When a correction officer witnessed petitioner exiting a classroom and began to question him, petitioner became argumentative and ignored several direct orders to return to his cell. Petitioner then took an offensive stance and struck the officer in the chin, after which several officers physically restrained him while he continued to struggle despite numerous orders to stop resisting. As a result, petitioner was served with a misbehavior report charging him with assaulting staff, violent conduct, refusing a direct order, disturbing facility order and being out of place. Following a tier III disciplinary hearing, petitioner was found guilty of all charges except being out of place. That determination was affirmed on administrative appeal, after which petitioner commenced this CPLR article 78 proceeding.

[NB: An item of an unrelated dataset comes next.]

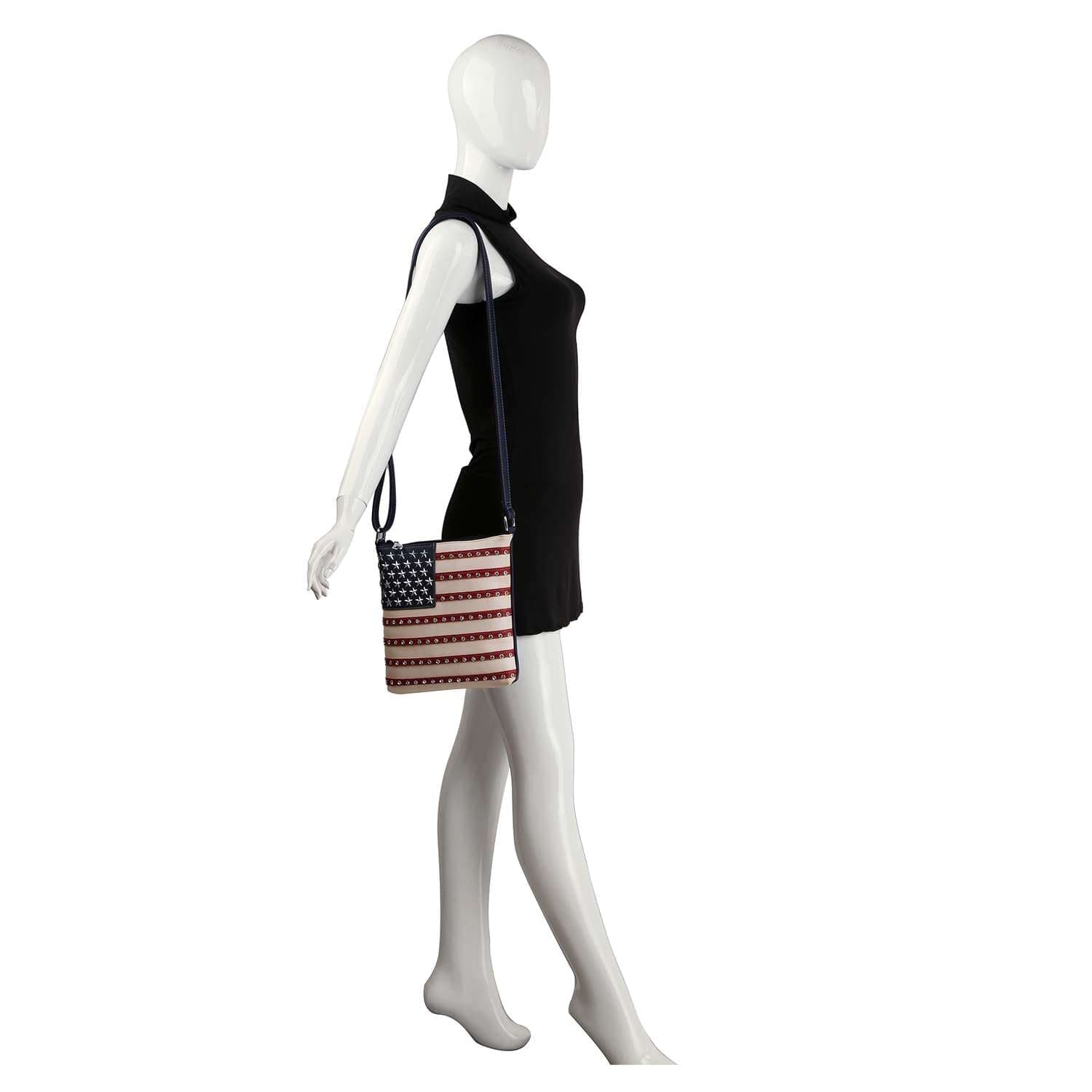 A super convenient crossbody sling becomes a globetrotter, paying homage to the USA with a dazzling stone and studded flag-inspired design.   1 back zip pocket. 22L adjustable strap. Faux leather with lined interior. 2 interior slip pockets and 1 zip pocket. Top zip closure. Silver hardware with metal stud...

We confirm. The misbehavior report, testimony of the correction officer involved in the incident and supporting documentation provide substantial evidence to support the determination of guilt (see Matter of Williams v Fischer, 84 AD3d 1661, 1662 [2011], lv denied 17 NY3d 711 [2011]; Matter of Jackson v Prack, 84 AD3d 1660, 1660 [2011]). The testimony of petitioner and his inmate witnesses, who testified that the correction officer initiated the physical altercation with petitioner, presented a credibility question to be resolved by the Hearing Officer (see Matter of Watson v New York State Dept. of Correctional Servs., 82 AD3d 1435, 1435-1436 [2011]; Matter of Barton v New York State Dept. of Correctional Servs., 81 AD3d 1029, 1030 [2011]).

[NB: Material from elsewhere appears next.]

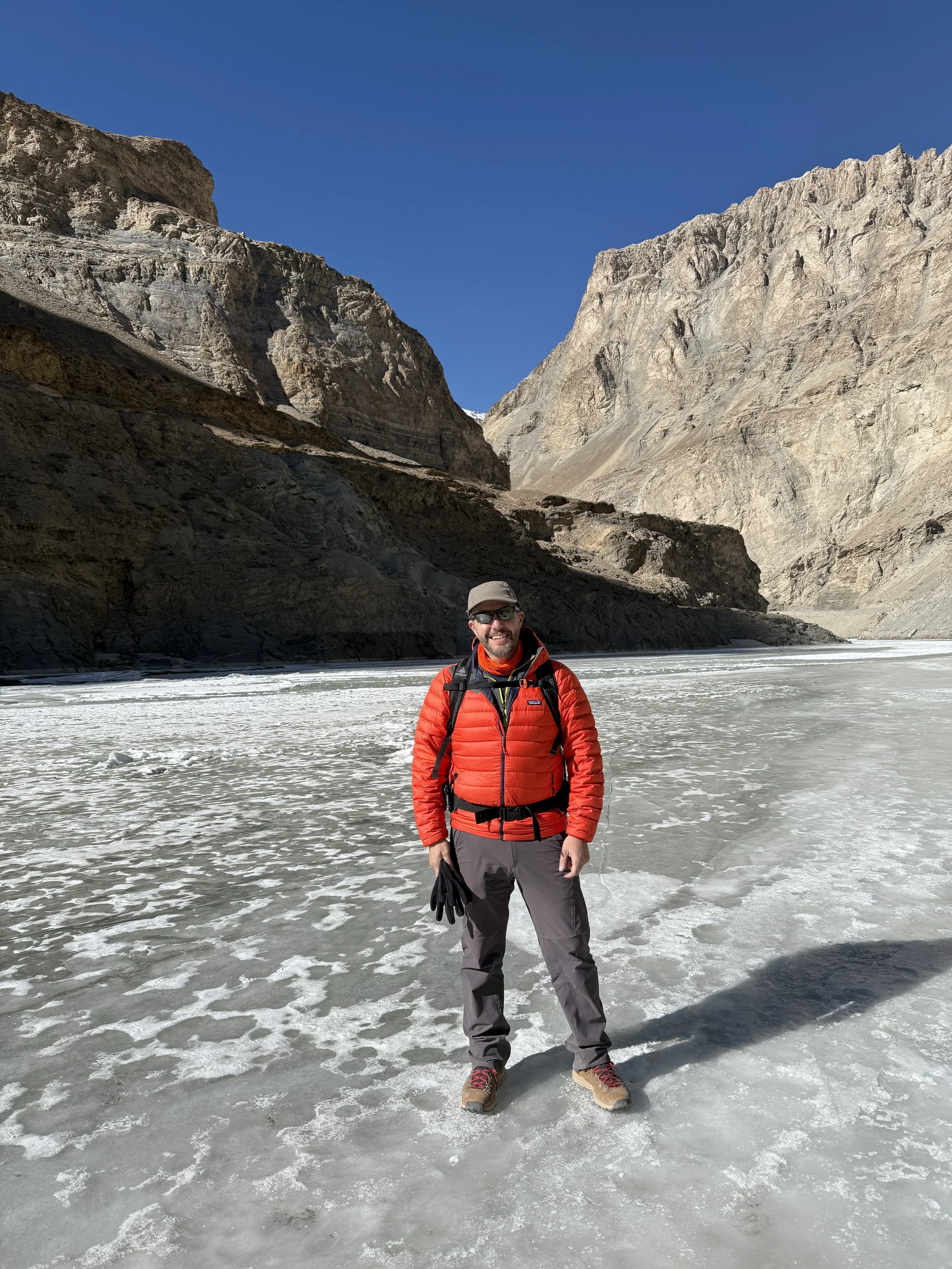 I met my friend Ratnesh Pandey, and we travelled together to Shang Sumdo Village in Hemis National Park to try and spot the elusive Snow Leopard. In freezing temperatures, and with the help of some very experienced spotters, we managed to see this beautiful but elusive animal a couple of times through spotting scopes. I was also able to go out on some high-altitude runs at -10°C. We returned to Leh and travelled south towards the Zanskar River for the Chadar Trek.

*1334Turning to petitioner’s procedural contentions, the record reveals that the required extensions were appropriately requested and granted (see Matter of Boggs v Martuscello, 84 AD3d 1625, 1626 [2011]; Matter of Tafari v Fischer, 82 AD3d 1430, 1430 [2011], lv denied 17 NY3d 702 [2011]). Similarly, our review demonstrates that the determination of guilt was the result of evidence presented at the hearing, rather than any alleged hearing officer bias (see Matter of Weems v Fischer, 82 AD3d 1454, 1456 [2011]; Matter of Mayo v Fischer, 82 AD3d 1421, 1422 [2011], lv denied 17 NY3d 702 [2011]).
Petitioner’s remaining contentions have been examined and found to be either unpreserved or without merit.
Mercure, J.E, Rose, Malone Jr., Stein and Garry, JJ., concur. Adjudged that the determination is confirmed, without costs, and petition dismissed.